ASSIGNED TASK — Restate, word for word, the run of lines that starts at the line containing "Plus Size - Women'S" and ends with the final line of the listing. Leave pictures out.

PROVIDED RECORDS —

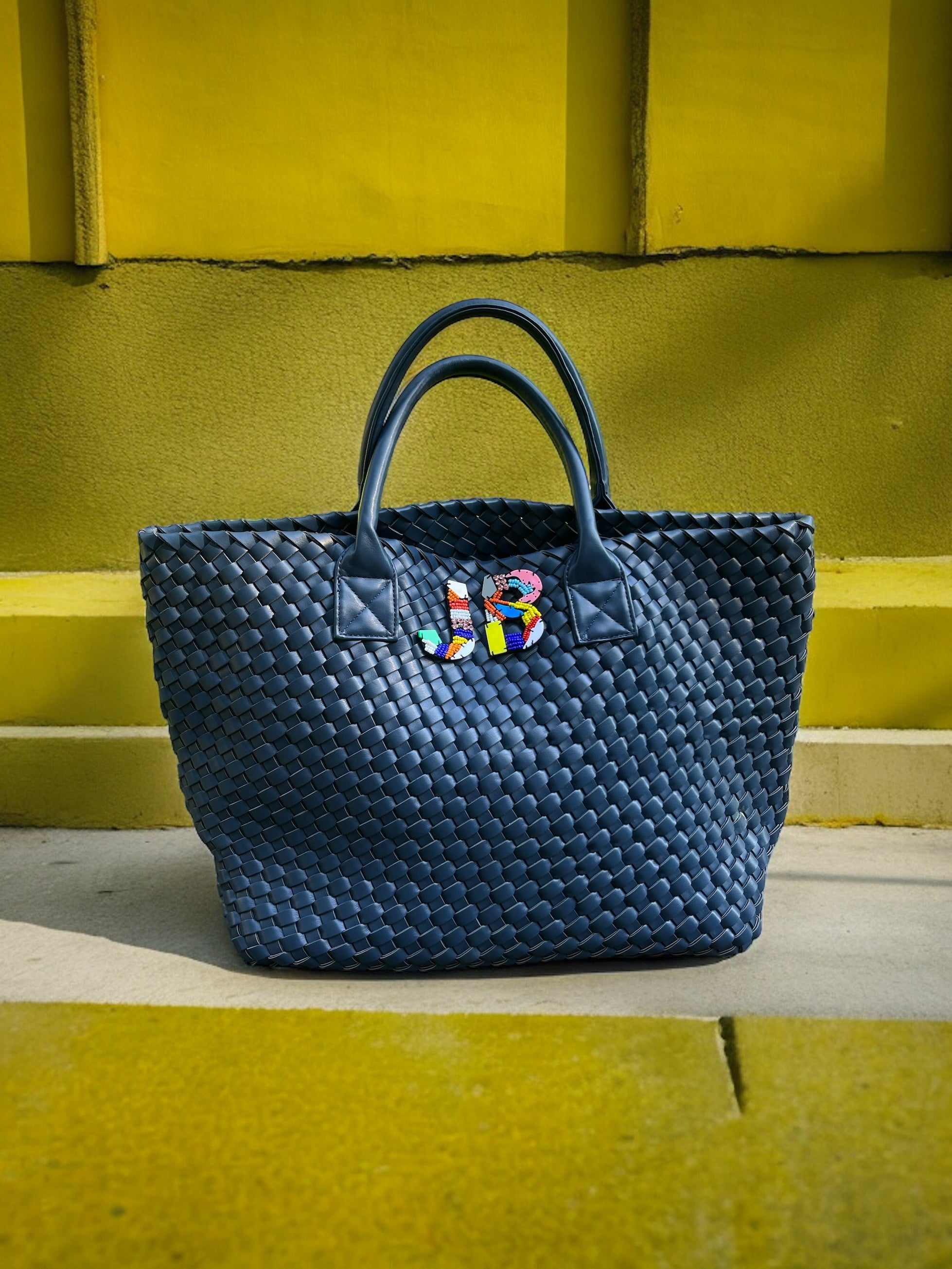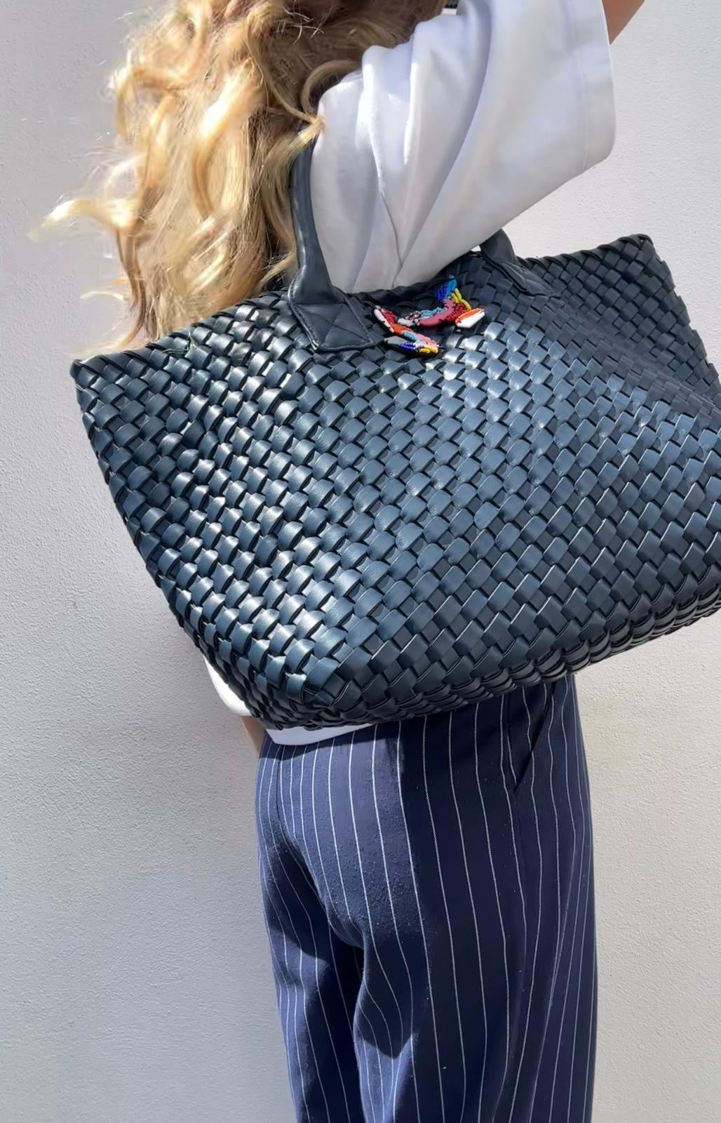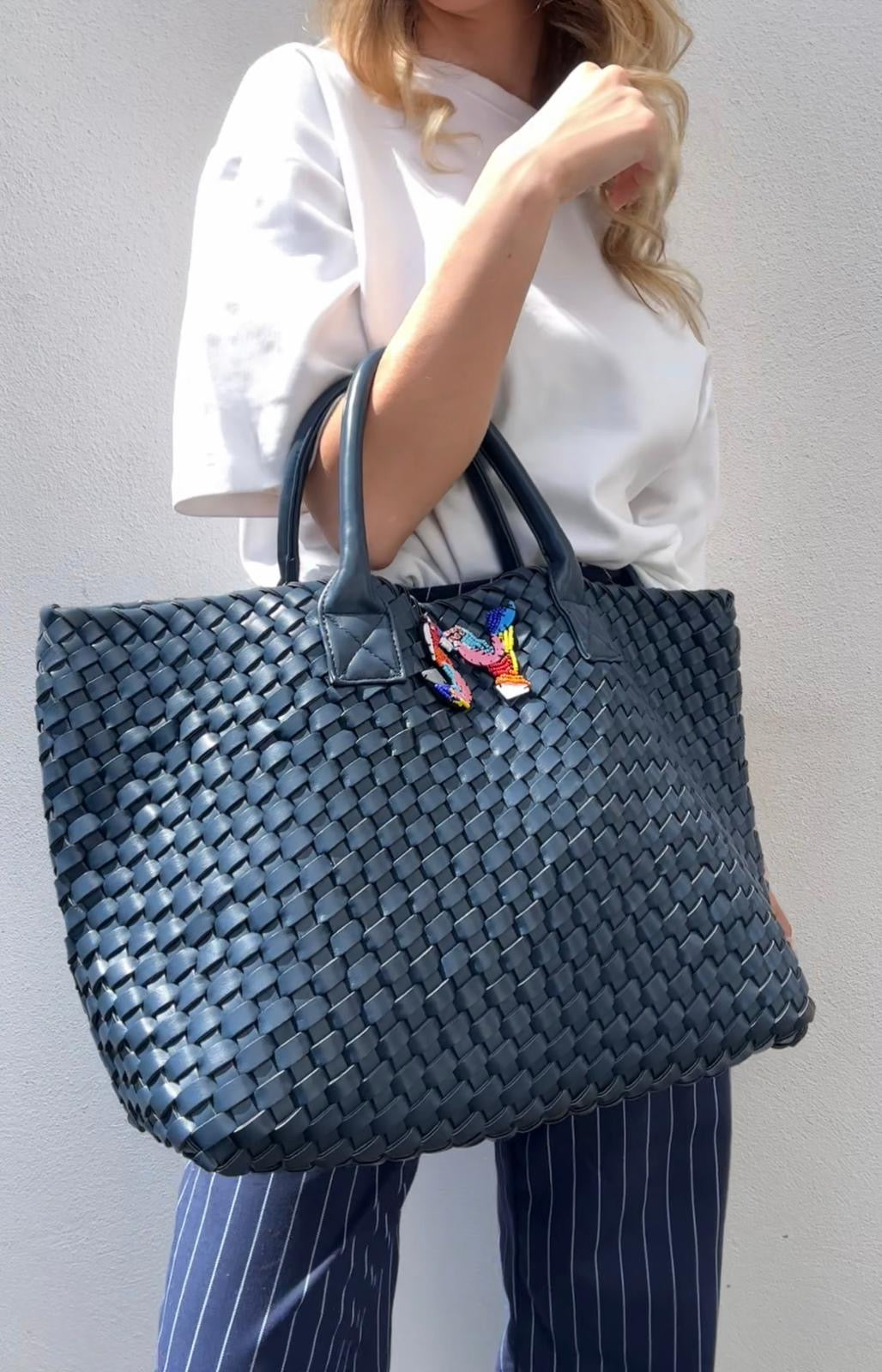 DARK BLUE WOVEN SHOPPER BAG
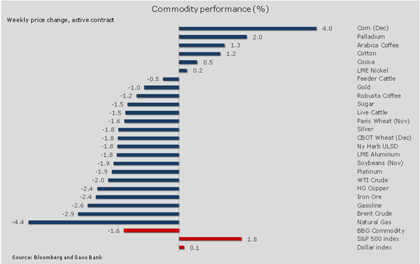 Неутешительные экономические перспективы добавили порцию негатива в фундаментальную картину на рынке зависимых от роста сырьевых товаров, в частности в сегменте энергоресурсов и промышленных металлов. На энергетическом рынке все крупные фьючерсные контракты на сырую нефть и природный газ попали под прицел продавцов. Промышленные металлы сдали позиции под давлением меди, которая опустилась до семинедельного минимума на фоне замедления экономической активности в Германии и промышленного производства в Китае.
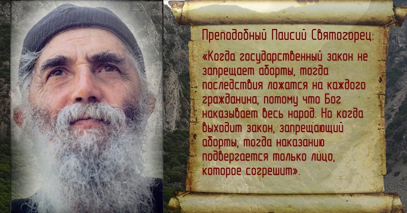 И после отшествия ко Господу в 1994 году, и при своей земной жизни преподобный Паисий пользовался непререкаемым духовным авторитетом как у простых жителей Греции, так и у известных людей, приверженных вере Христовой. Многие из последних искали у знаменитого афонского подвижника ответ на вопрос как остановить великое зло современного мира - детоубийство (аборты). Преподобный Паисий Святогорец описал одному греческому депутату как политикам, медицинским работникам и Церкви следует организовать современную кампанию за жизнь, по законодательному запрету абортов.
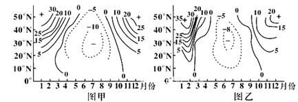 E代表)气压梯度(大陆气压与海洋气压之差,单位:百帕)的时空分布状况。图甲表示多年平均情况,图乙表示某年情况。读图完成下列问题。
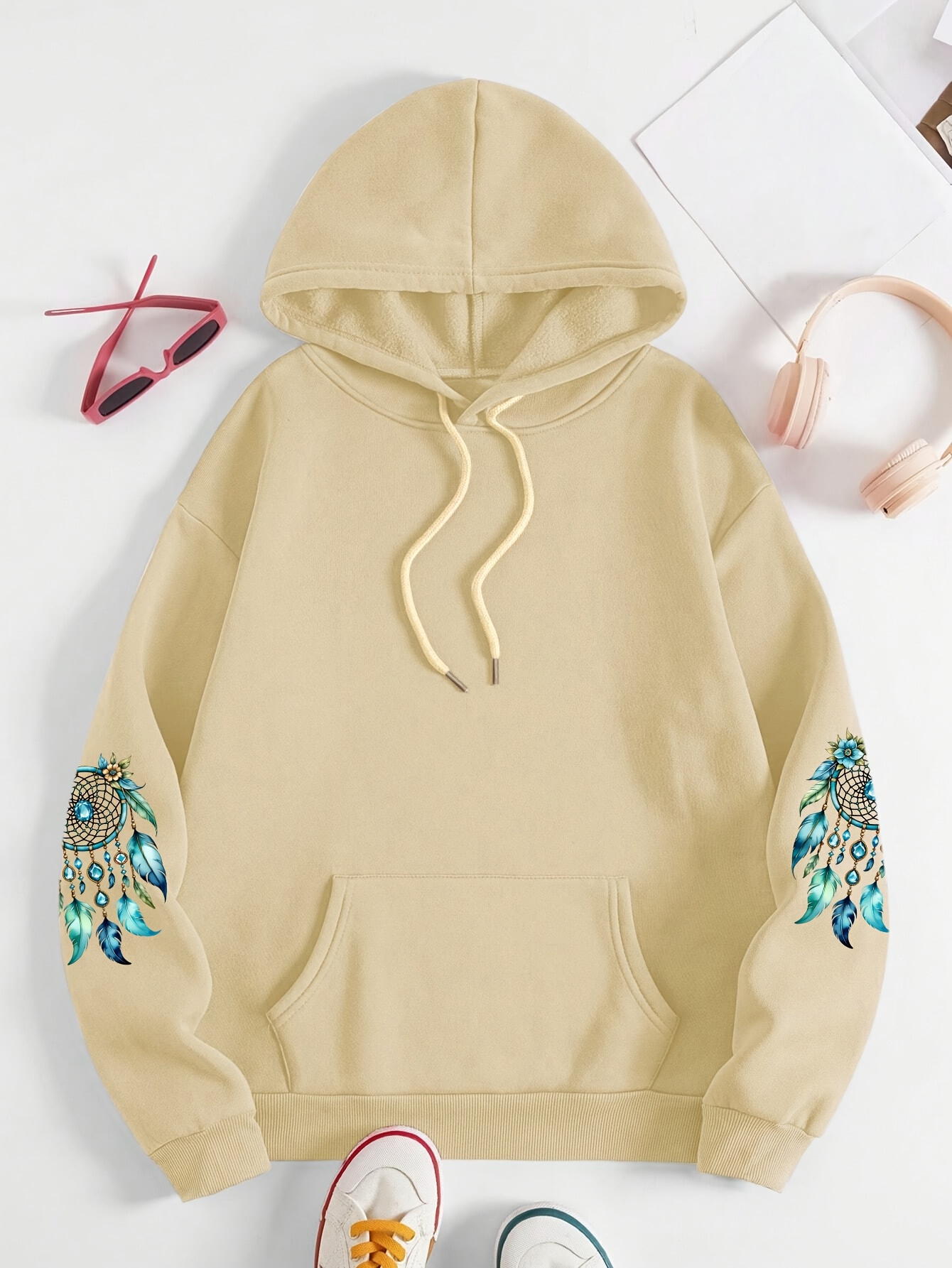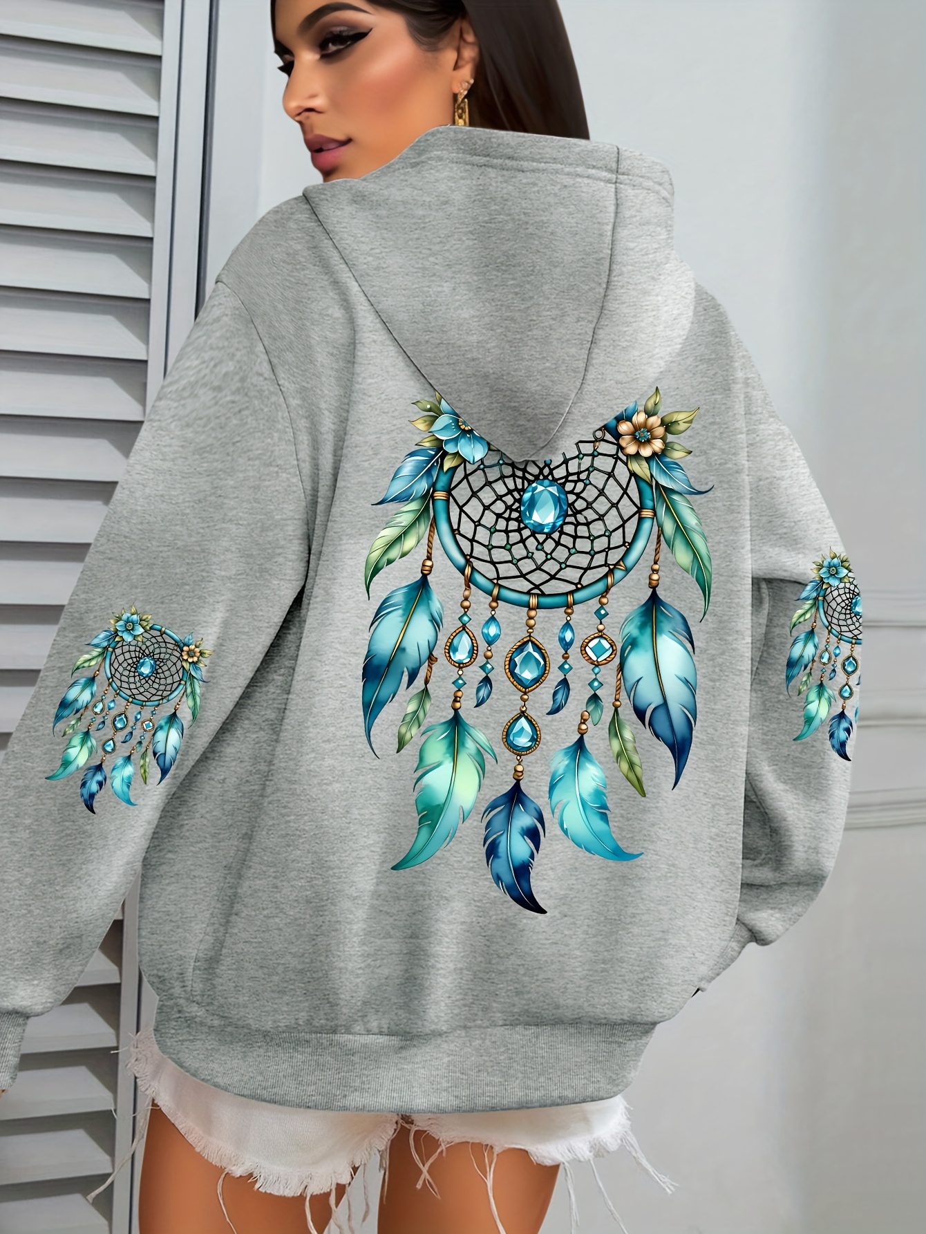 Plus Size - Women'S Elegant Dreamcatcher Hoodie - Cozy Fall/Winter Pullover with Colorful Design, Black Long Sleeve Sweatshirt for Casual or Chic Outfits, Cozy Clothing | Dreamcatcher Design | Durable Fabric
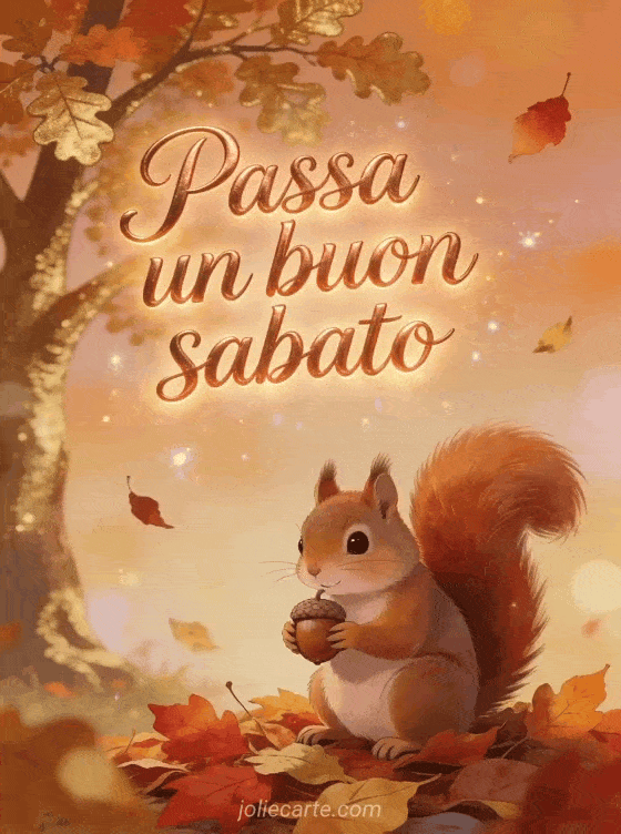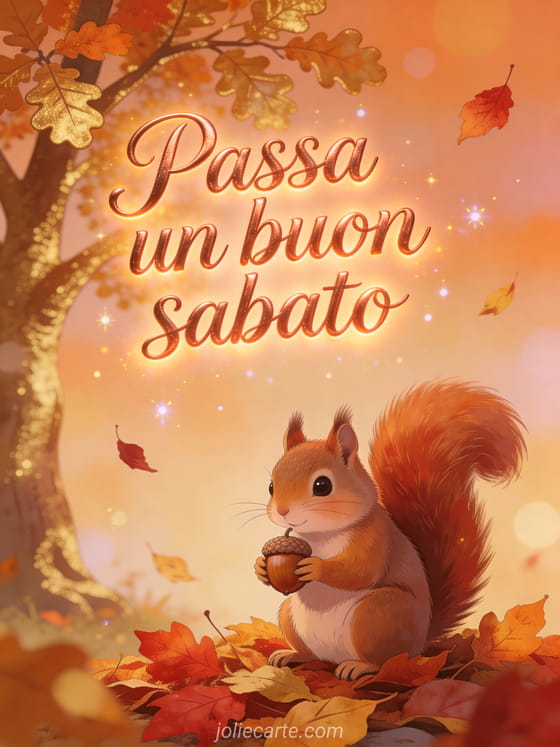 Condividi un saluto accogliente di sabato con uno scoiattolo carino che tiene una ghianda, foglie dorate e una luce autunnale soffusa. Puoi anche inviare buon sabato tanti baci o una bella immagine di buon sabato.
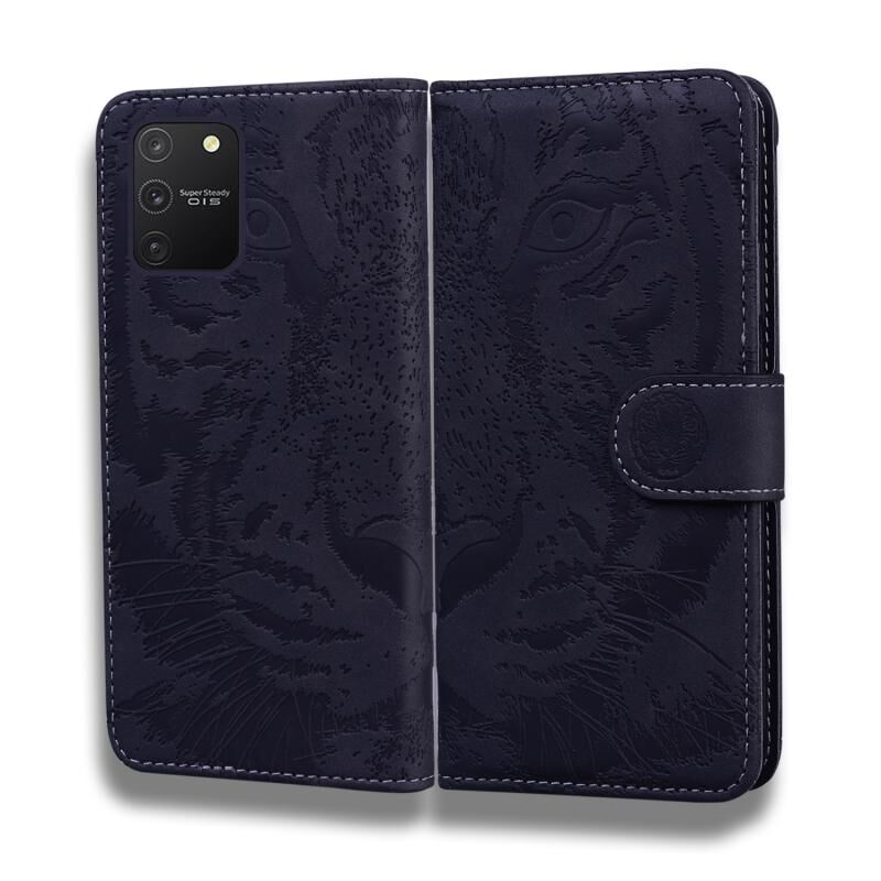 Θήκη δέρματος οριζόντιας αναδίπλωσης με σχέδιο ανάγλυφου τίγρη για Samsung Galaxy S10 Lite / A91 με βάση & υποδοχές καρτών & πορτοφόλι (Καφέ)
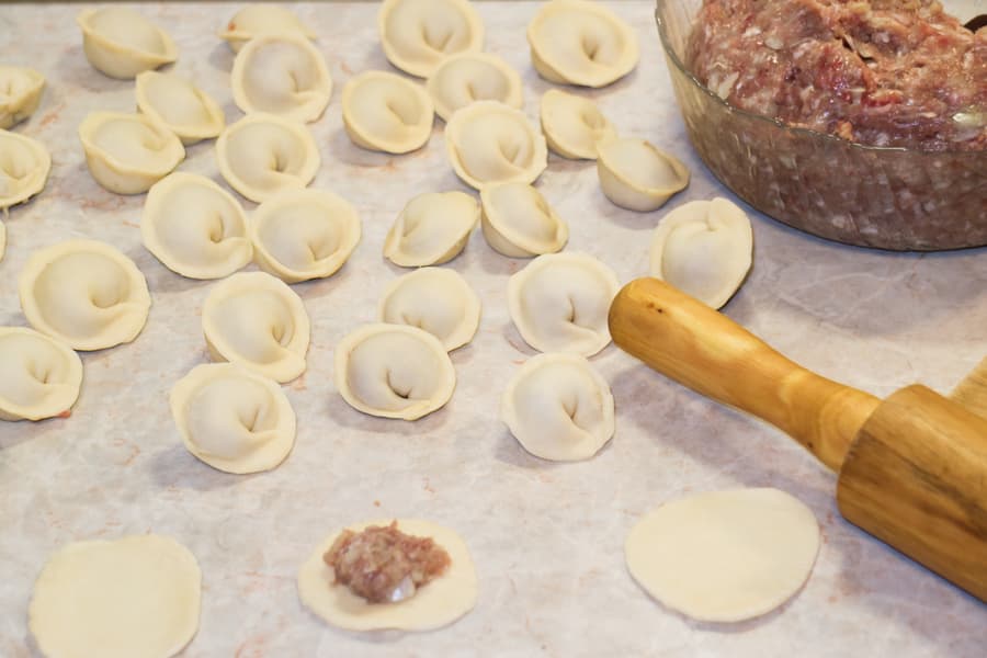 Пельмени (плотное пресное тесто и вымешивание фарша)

ANSWER FOR THE TASK —
 Plus Size - Women'S Elegant Dreamcatcher Hoodie - Cozy Fall/Winter Pullover with Colorful Design, Black Long Sleeve Sweatshirt for Casual or Chic Outfits, Cozy Clothing | Dreamcatcher Design | Durable Fabric
 Condividi un saluto accogliente di sabato con uno scoiattolo carino che tiene una ghianda, foglie dorate e una luce autunnale soffusa. Puoi anche inviare buon sabato tanti baci o una bella immagine di buon sabato.
 Θήκη δέρματος οριζόντιας αναδίπλωσης με σχέδιο ανάγλυφου τίγρη για Samsung Galaxy S10 Lite / A91 με βάση & υποδοχές καρτών & πορτοφόλι (Καφέ)
 Пельмени (плотное пресное тесто и вымешивание фарша)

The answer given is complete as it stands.